- Country: Croatia
- Selection process: Internal selection
- Announcement date: Artist: 11 February 2013 Song: 27 February 2013

Competing entry
- Song: "Mižerja"
- Artist: Klapa s Mora
- Songwriters: Goran Topolovac

Placement
- Semi-final result: Failed to qualify (13th)

Participation chronology

= Croatia in the Eurovision Song Contest 2013 =

Croatia was represented at the Eurovision Song Contest 2013 with the song "Mižerja" written by Goran Topolovac. The song was performed by the group Klapa s Mora, which was selected internally by the Croatian broadcaster Croatian Radiotelevision (HRT) on 11 February 2013 to represent Croatia at the 2013 contest in Malmö, Sweden. Their song "Mižerja" was presented to the public on 27 February 2013 during a live streamed press conference.

Croatia was drawn to compete in the first semi-final of the Eurovision Song Contest which took place on 14 May 2013. Performing during the show in position 4, "Mižerja" was not announced among the top 10 entries of the first semi-final and therefore did not qualify to compete in the final. It was later revealed that Croatia placed thirteenth out of the 16 participating countries in the semi-final with 38 points.

== Background ==

Prior to the 2013 contest, Croatia had participated in the Eurovision Song Contest twenty times since its first entry in . The nation's best result in the contest was fourth, which it achieved on two occasions: in 1996 with the song "Sveta ljubav" performed by Maja Blagdan and in 1999 with the song "Marija Magdalena" performed by Doris Dragović. Following the introduction of semi-finals for the , Croatia had thus far featured in five finals. Between 2010 and 2012, the Croatian entries failed to qualify from the semi-finals; the last time Croatia competed in the final was in 2009 with the song "Lijepa Tena" performed by Igor Cukrov featuring Andrea. In 2012, Croatia failed to qualify to the final with Nina Badrić and the song "Nebo".

The Croatian national broadcaster, Croatian Radiotelevision (HRT), broadcasts the event within Croatia and organises the selection process for the nation's entry. HRT confirmed Croatia's participation in the 2013 Eurovision Song Contest on 14 September 2012. Between 1993 and 2011, HRT organised the national final Dora in order to select the Croatian entry for the Eurovision Song Contest. In 2012, the Croatian broadcaster opted to internally select the entry, a method that was continued for their 2013 participation.

== Before Eurovision ==

=== Internal selection ===
On 26 November 2012, the Croatian national broadcaster HRT opened a submission period where songwriters were able to submit songs in "traditional klapa style" to the broadcaster with the deadline on 26 December 2012. Both the composer and lyricist were required to be citizens of the Republic of Croatia. 60 songs were received by the broadcaster during the submission period. On 26 November 2012, HRT announced "Mižerja" as the song that would be performed by a klapa ensemble at the Eurovision Song Contest. The song was written by Goran Topolovac, and was selected by a three-member expert committee consisting of Velimir Đuretić (Head of Entertainment at HRT), Nikša Bratoš (music producer and arranger) and Ante Pecotić (music producer and composer).

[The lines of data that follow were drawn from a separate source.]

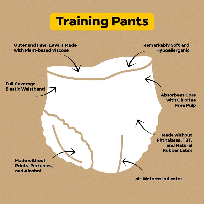 - RESPONSIBLE & MADE WITH PLANT-BASED MATERIALS:: Our infant training pants are parent’s choice because they are made without alcohol, chlorine, latex, perfumes, PVC, lotions, TBT, parabens, sulphates, & phthalates. They are unprinted, unscented, hypoallergenic, and cruelty-free to protect the next generation.
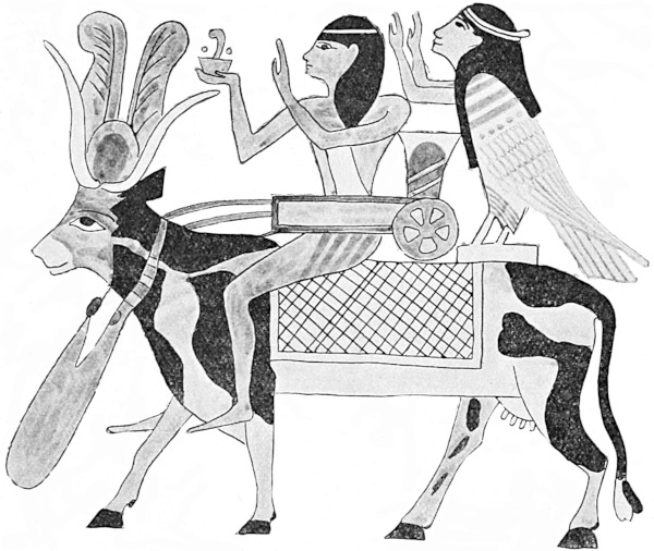 In the famous inscription upon the walls of the tomb of Seti I, to certain passages of which I referred in the last chapter, there is a remarkable story of the function of the Divine Cow Hathor or Nut as a means of104 raising the dead king to the sky to reach the home of the gods. After being rejuvenated by the goddess the king became oppressed with the boredom of life upon earth amongst his tiresome subjects, who had shown their disloyalty to him by referring to his old age and failing powers. So he decided to leave the earth and proceed to the sky. Hence he mounted upon the back of the cow and got to heaven, where he assumed his godhead by becoming identified with the sun.
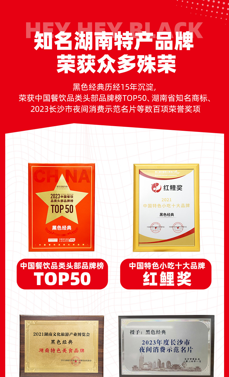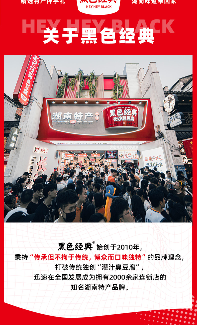 黑色经典湖南特产商城是长沙著名特色小吃“黑色经典长沙臭豆腐”旗下的线上官方商城。黑色经典面向全国,以长沙臭豆腐为核心,辐射覆盖湖南本土特色美食全系列产品,并对所有产品的生产工艺及包装进行了独特的改良。
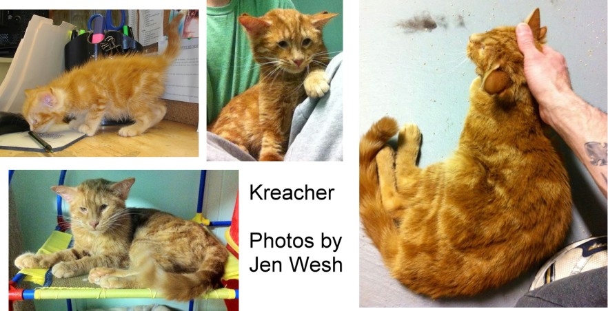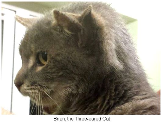 Jen Wesh (2013) of Joa's Arc Rescue, Audubon, New Jersey has a four-eared cat named Kreacher. Kreacher, who has his own Facebook page Kreacher the 4 Earred and Fabulous Cat , was born in southern New Jersey, USA, in the Spring of 2011. He was taken into the animal shelter at around 6 weeks old with his two completely normal siblings. Kreacher's extra ears are not functioning ears and are connected to an ear canal. His normal ears are rather large and his ear canals are long and thin and need regular cleaning. In addition to additional ear flaps, he has some other issues including juvenile cataracts, some facial deformities and paralysis, and he's very petite for an adult cat. This indicates that there are several causes of 4 ears in cats, with different side-effects. Kreacher's facial appearance and the conformation of his ears is similar to that of ginger Yoda. A three-eared cat was found in Norfolk, England in November 2015. He had strayed or been abandoned near a garage and was taken in by Feline Care Cat Rescue, in East Harling, Norfolk who named him Brian and is thought to be between four and eight years old. He almost ended up with a Star trek themed name because he has a left ear, a right ear and a final front-ear . Another 4-eared feline was reported in August 2016. A 3 year old black cat named Batman became an internet star after the four-eared feline was found at the Western Pennsylvania Humane Society shelter. Batman s second set of ears is said to be the result of a recessive genetic mutation. The condition has been documented since at least 1936, when a four-eared cat named Toots was found in Ashtabula, Ohio, according to the Western Pennsylvania Humane Society. Just hours after that news was announced, he was adopted by a family with a young daughter. In July 2021, the media reported a 4-eared polydactyl tabby cat called Aslan in Pennsylvania. Aslan has extra ear flaps behind his true ears. Swati Komanduri adopted Aslan who was rescued from a car repair shop along with several other kittens. The extra ear flaps are an unusual formation of the tissue at the base of the normal ear flap and Aslan also has the unusually wide-set ears of many four-eared cats. ABSENT EAR FLAPS In addition to multiple ear-flaps, some cats have been born with no external ear structures. This has been seen in a Persian cat and may have been associated with inbreeding for the modern ultra-type. The cat's middle and inner ears were intact and it was not deaf. Lack of outer ear affects a cat's ability to pinpoint sound - something cats do by swivelling their ear-flaps much like radar detector dishes. Many of the ear-less cats around are due to removal of the ear-flap because of skin cancer caused by over-exposure to strong sunlight (especially in pale coloured cats as these lack protective pigment).
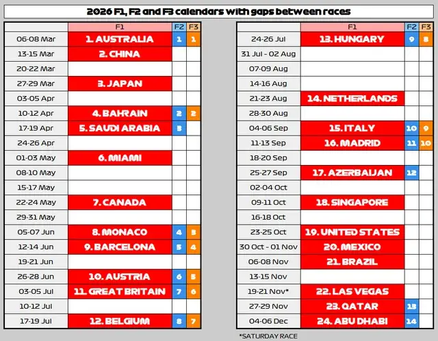 arrow-up115arrow-down1image2026 F1, F2 and F3 calendars with gaps between racessh.itjust.worksalphacyberranger@sh.itjust.works to Formula 1@lemmy.worldEnglish · 6 months agomessage-square1linkfedilink
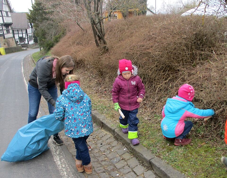 Bereits im Vorfeld wurde das Gelände auf dem Kindergartenhof und Umgebung von den Kindern gesäubert, abgebrochenes Astwerk zusammengetragen, der Hof gekehrt. Auf dem Marktplatz wurden Glas, Grillschalen, Zigarettenkippen und sogar ein Rock in den Säcken gesammelt.
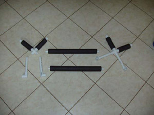 As delivered, my rack consisted of the parts shown to the right. The following photos show it partially assembled and completed. The instructions say to glue it together using PVC glue if you are going to transport it much. It seems to hold together fine and I want to disassemble it for transport, so I did not do so. If it gets too loose I may glue some of the connections.
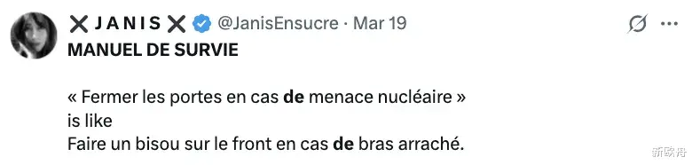 不过,这个“关门防核弹”的建议引发不少法国网友吐槽:“核弹来了,关门真的有用?”
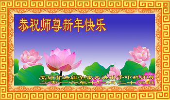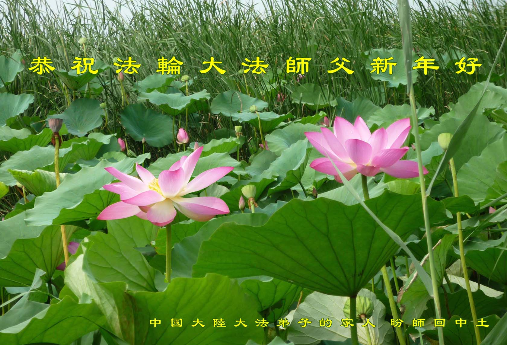 中国大陆大法弟子的家人恭祝法轮大法师父新年好! 感恩大法师父的慈悲救度,盼大法师父早回中土! 中国大陆大法弟子恭祝师尊新年好
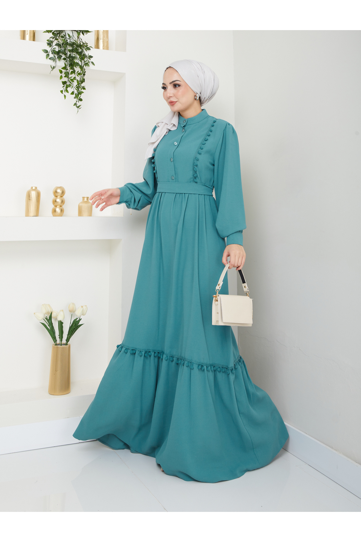EFSUN MODA KADIN TESETTÜR DANTELLİ ŞERİT ELBİSE MİNT Özellikleri
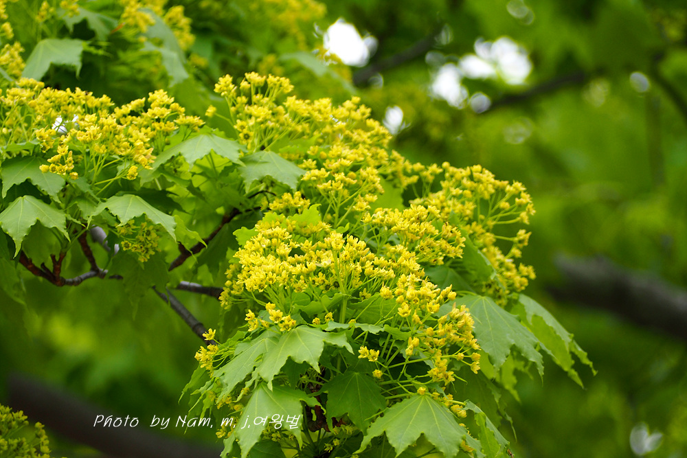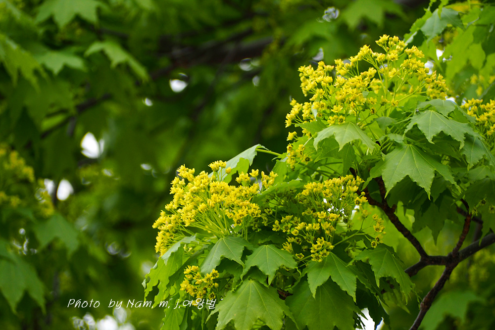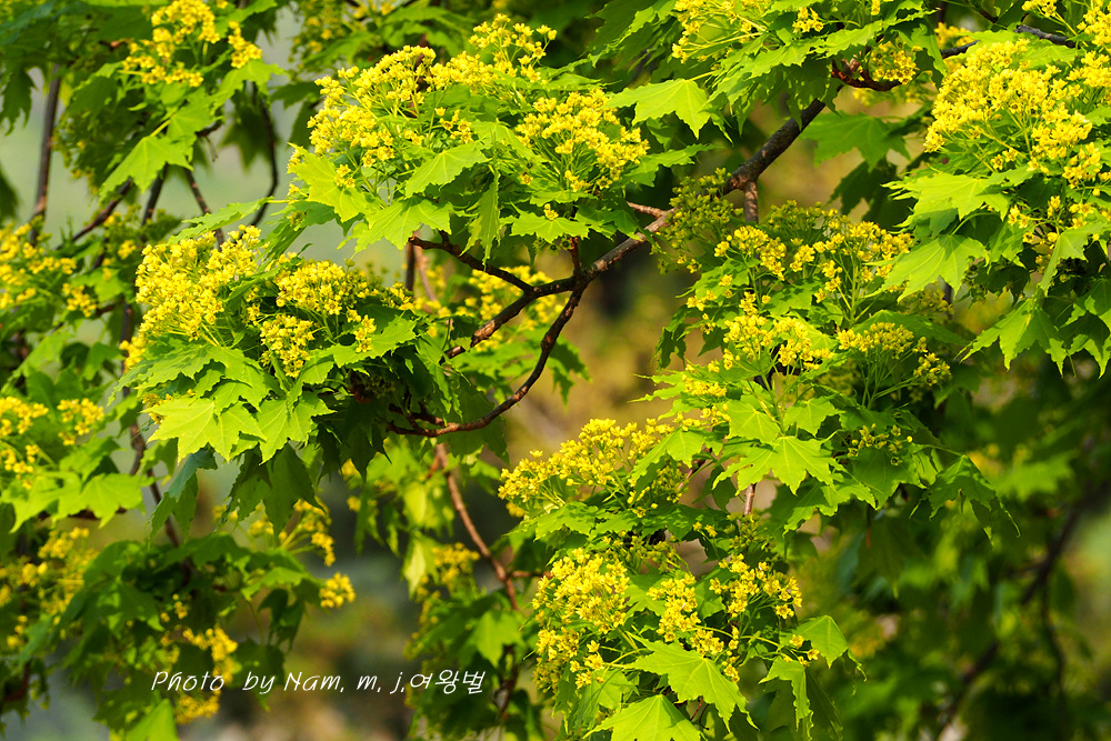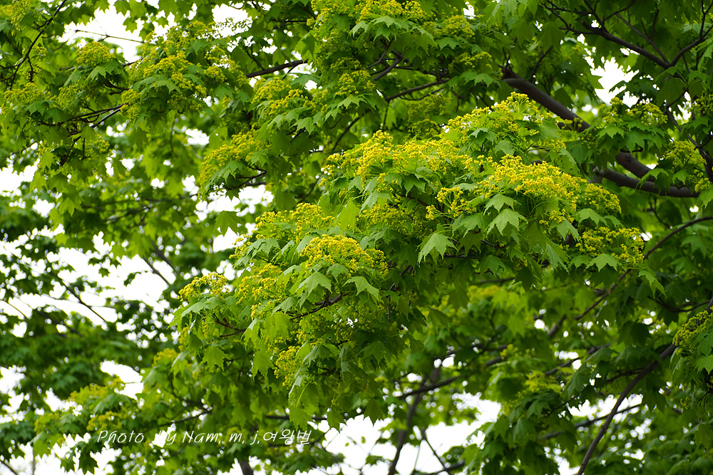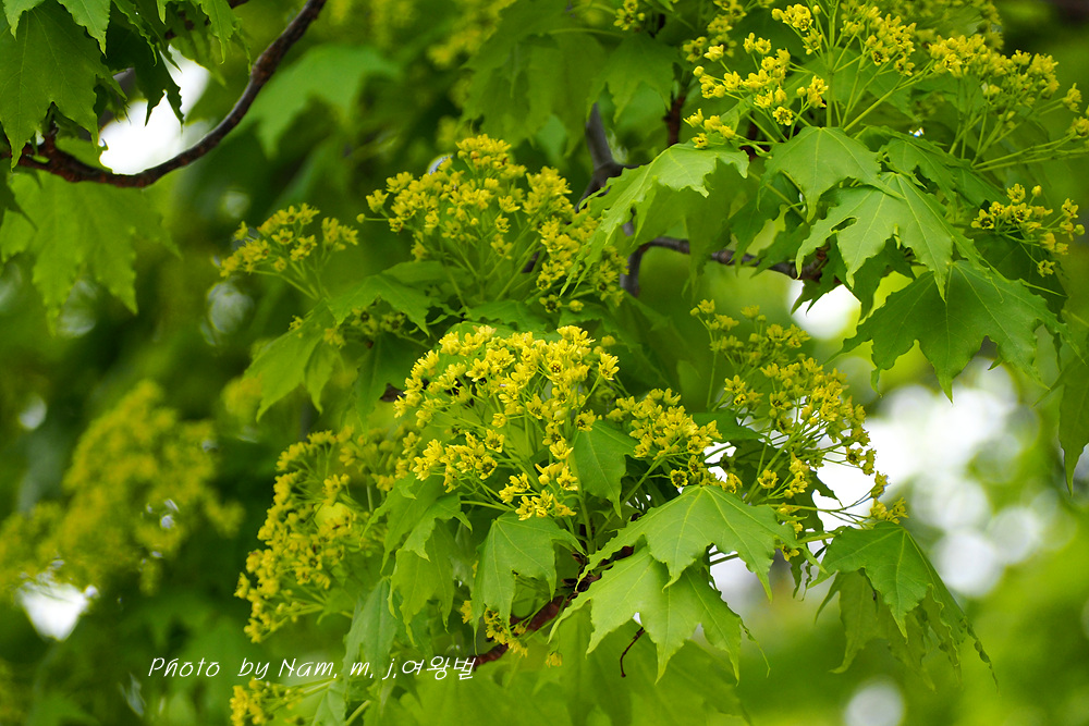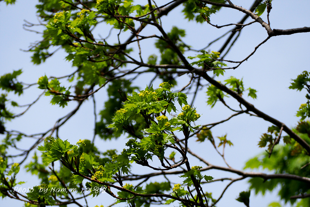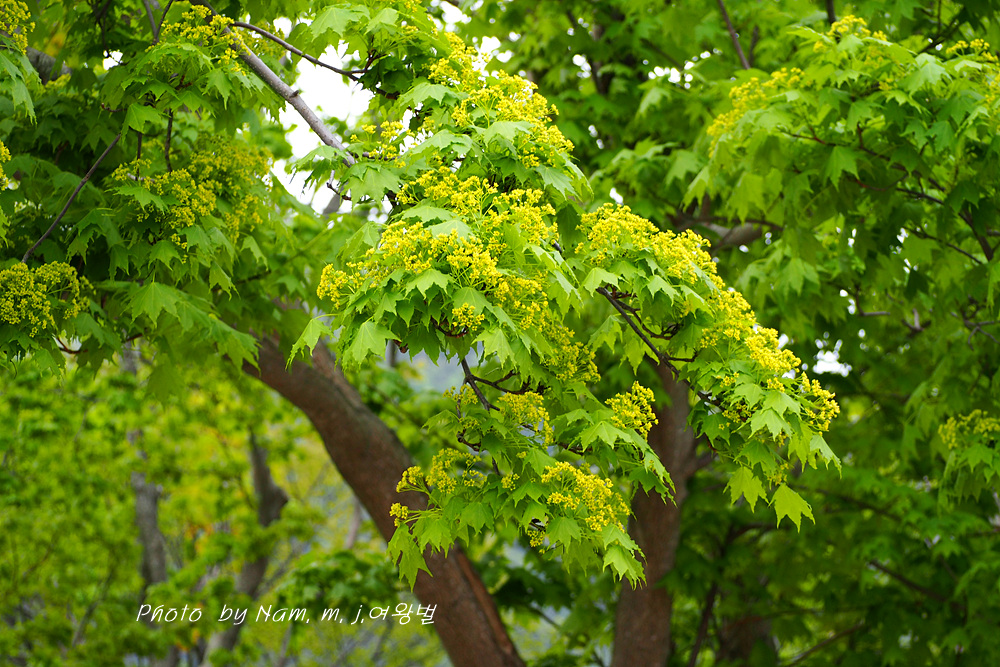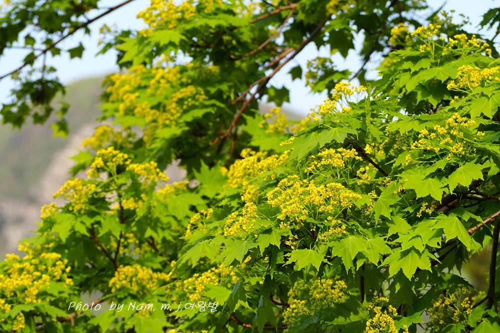 초록이 눈부신 우산고로쇠가 노랗게 개화 중이다.

On 11 February 2013, HRT announced the six members that would form the klapa ensemble: Marko Škugor from klapa Kampanel (first tenor), Ante Galić from klapa Sinj (second tenor), Nikša Antica from klapa Kampanel (first baritone), Leon Bataljaku from klapa Crikvenica (second baritone), Ivica Vlaić from klapa Sebenico (bass) and Bojan Kavedžija from klapa Grdelin (bass). The members were selected by an alternate three-member expert committee consisting of Velimir Đuretić, Nikša Bratoš and Mojmir Čačija (klapa producer). "Mižerja" and the name of the ensemble, Klapa s Mora, was presented on 27 February 2013 during a live streamed press conference at the Studio 10 of HRT in Zagreb.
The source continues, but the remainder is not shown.